Beginning with the line containing "Struttura in legno", write out each line exactly through the end of the listing, and skip all pictures.

STORED DATA Start Marker

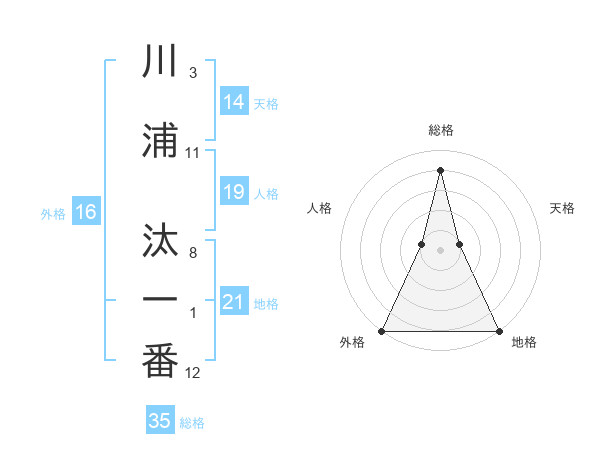 川浦 汰一番さんの外格は16画の5点!
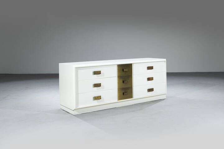 Struttura in legno laccato e particolari in ottone. Anni '70 cm 70x180x50 Bibl.:-La rivista dell'arredamento Interni n. 75 marzo 1973 Piccoli difetti
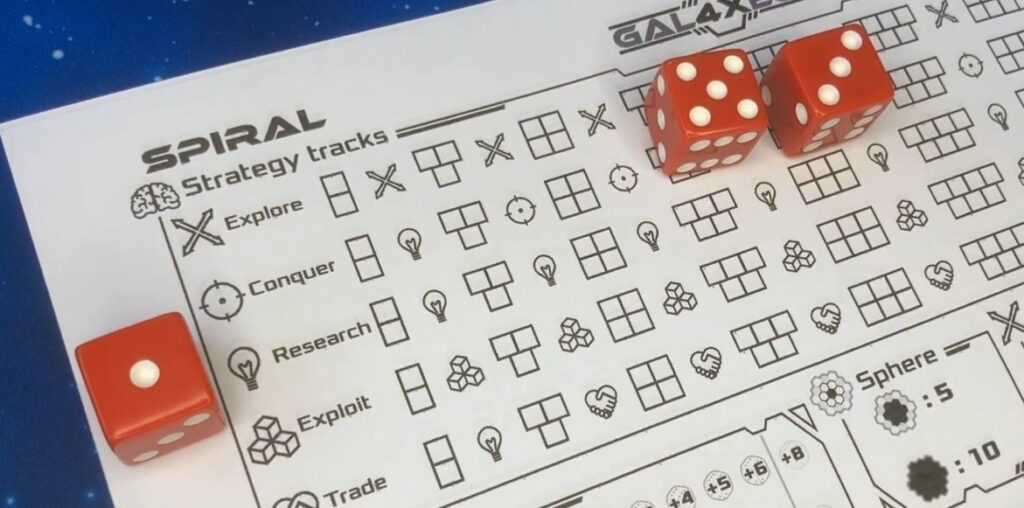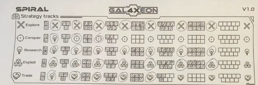 Gal4Xeon asks you to roll three D6 dice and all players will use the numbers rolled for this round. How you each spend those dice however, is totally up to you. You will spend the numbers on three Strategy tracks. The tracks are Explore, Conquer, Research, Exploit and Trade.
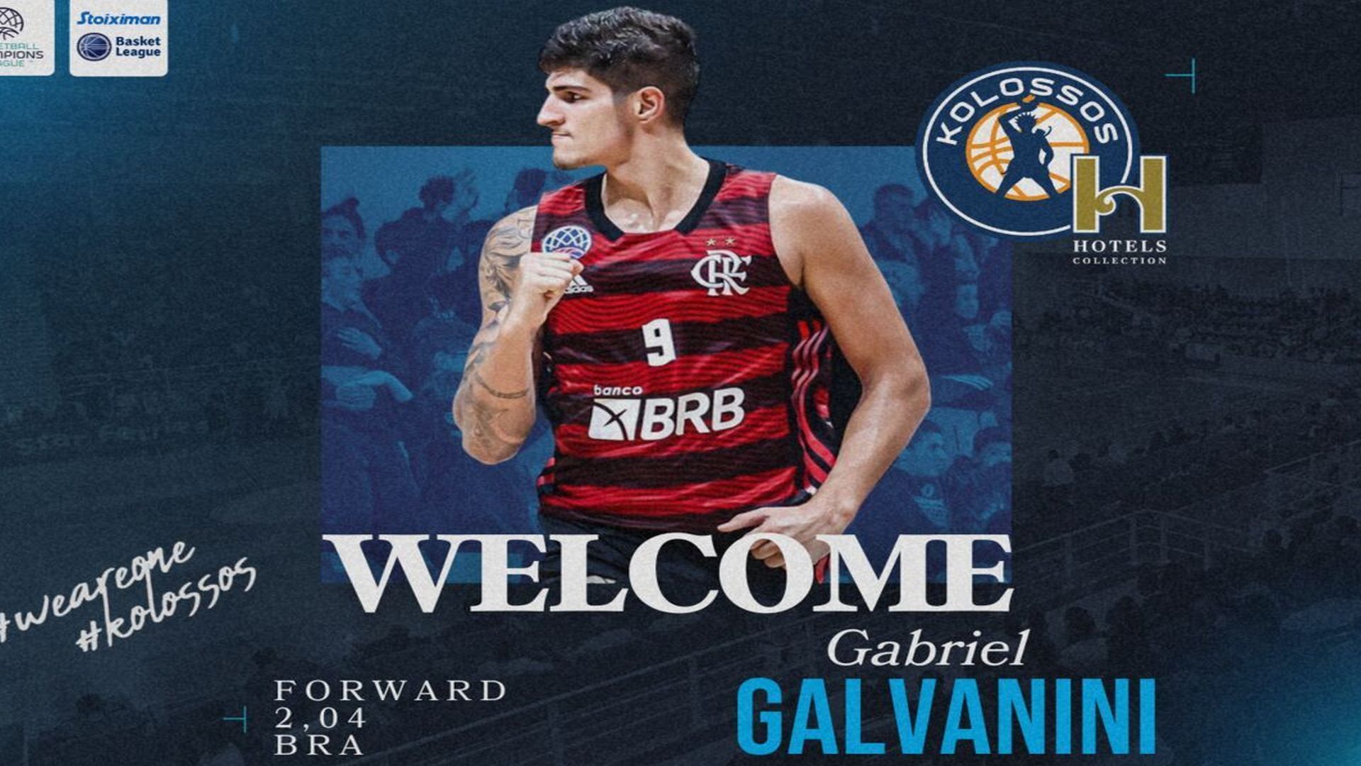 Η ΚΑΕ Κολοσσός H Hotels Collection ανακοινώνει τη συμφωνία της με τον Γκαμπριέλ Γκαλβανίνι.

STORED DATA End Marker

• _SOLVED PROBLEM_:
 Struttura in legno laccato e particolari in ottone. Anni '70 cm 70x180x50 Bibl.:-La rivista dell'arredamento Interni n. 75 marzo 1973 Piccoli difetti
 Gal4Xeon asks you to roll three D6 dice and all players will use the numbers rolled for this round. How you each spend those dice however, is totally up to you. You will spend the numbers on three Strategy tracks. The tracks are Explore, Conquer, Research, Exploit and Trade.
 Η ΚΑΕ Κολοσσός H Hotels Collection ανακοινώνει τη συμφωνία της με τον Γκαμπριέλ Γκαλβανίνι.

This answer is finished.